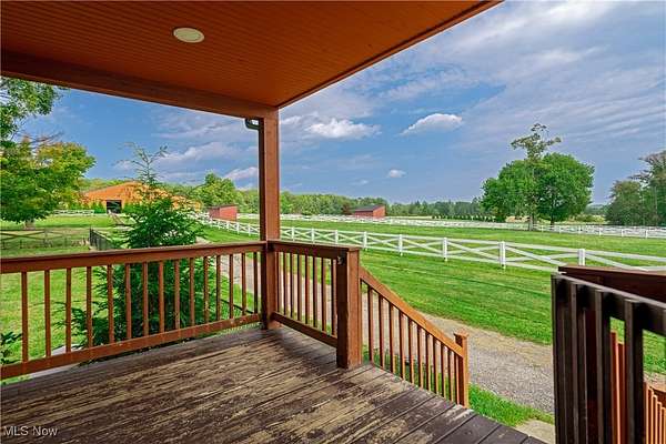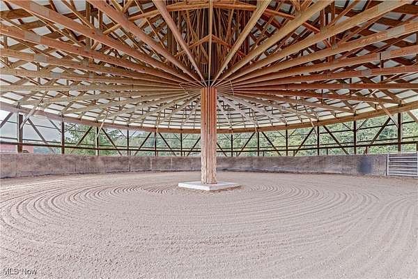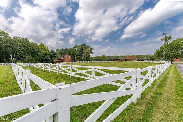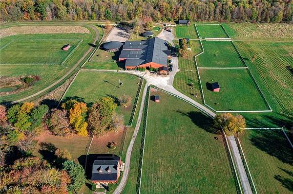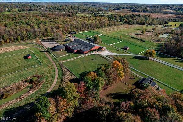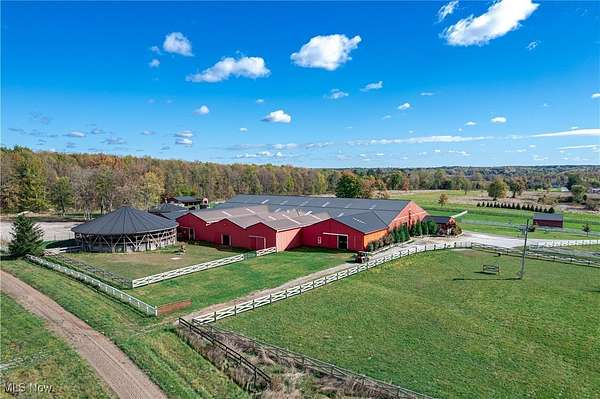 Welcome to JSR Equine Center, a premier 58-acre equestrian estate in Chardon, Ohio, reimagined with over $1M in recent upgrades. Enter through a new $36,000 industrial gate and freshly paved drive to discover 10 fenced paddocks (eight with automatic water), five ponds, and world-class facilities including two indoor round pens, an outdoor round pen, a full outdoor racetrack, a six-horse round pen, a four-horse jogging machine, and multiple run-in sheds with automatic water. The main barn has been extensively updated with new roofing, commercial-grade garage doors, a gas heating system, new plumbing and electrical, new feed and storage rooms, a cedar-lined facade with covered porch, and a rebuilt office with cedar siding, stone wall, new roof, windows, and HVAC. Additional equestrian features include a $50,000 wash rack with cement floor, rubber mats, and industrial washer/dryer, upgraded footing in arenas, new water systems, and a surveillance and monitoring system covering barns, stalls, pastures, and residences. Infrastructure improvements include two new natural gas generators, three independent gas lines for the house, barn, and apartments, and fully addressed drainage across farm and pastures. The residences include a fully rebuilt 3-bedroom, 2-bathroom main house with hardwood floors, cedar decks, two river-stone fireplaces, new appliances, and a finished basement, plus two completely renovated apartments ideal for staff housing or short-term rentals. Extensive landscaping includes $250,000 in fencing, removal of 80-100 trees with stump grinding, new trees, boulders, dog fencing, multiple garages and sheds. Every element has been refined, creating a turnkey destination for training, boarding, breeding, or private equestrian enjoyment.
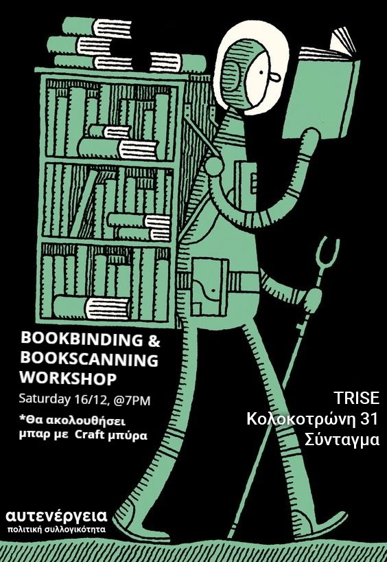 Εργαστήρι Βιβλιοδεσίας και σκαναρίσματος στο Τρισέ (Κολοκοτρώνη 31, Σύνταγμα). Θα ακολουθήσει μπαρ με κραφτ μπύρα. Η παρουσίαση θα γίνει από μέλη της ομάδας DIY Collective από την Ισπανία.
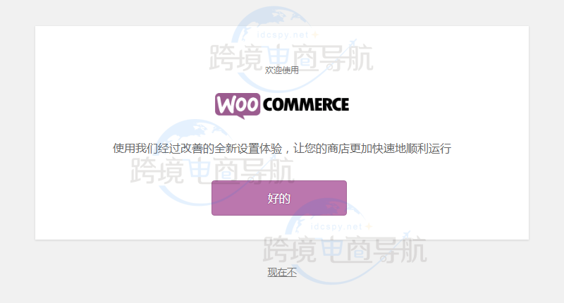 第一步:在WooCommerce插件第一次安装启用时,我们可以根据WooCommerce插件中的安装向导来更快捷地进行相关的功能设置,根据其操作步骤,点击完成设置即可。如下图所示:
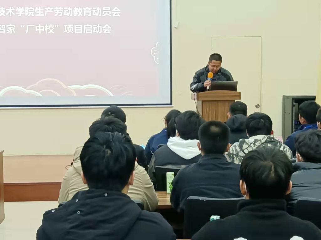 赵军华书记在致辞中指出,河南职业技术学院生产劳动教育课“厂中校”项目是我校生产劳动教育模式的新探索,是职业教育和劳动育人相结合的新模式。其目的是以劳树德、以劳增智、以劳强体、以劳育美;通过产教融合、校企合作等途径,让学生参与企业生产劳动,增强职业荣誉感,提高职业技能水平;弘扬劳模精神、劳动精神和工匠精神;引导学生创造性地解决实际问题,积累职业经验。赵书记希望各位学生遵守企业安全制度,注重创新创业能力培养,积极进取,不负韶华,在劳动教育中提高自己。

━━━━

What is expected ▸
All lines above starting at the one with "Εργαστήρι Βιβλιοδεσίας και" and ending at the one with "第一步:在WooCommer", inclusive, are to be printed again exactly, with the pictures left out.

Task output ▸
 Εργαστήρι Βιβλιοδεσίας και σκαναρίσματος στο Τρισέ (Κολοκοτρώνη 31, Σύνταγμα). Θα ακολουθήσει μπαρ με κραφτ μπύρα. Η παρουσίαση θα γίνει από μέλη της ομάδας DIY Collective από την Ισπανία.
 第一步:在WooCommerce插件第一次安装启用时,我们可以根据WooCommerce插件中的安装向导来更快捷地进行相关的功能设置,根据其操作步骤,点击完成设置即可。如下图所示:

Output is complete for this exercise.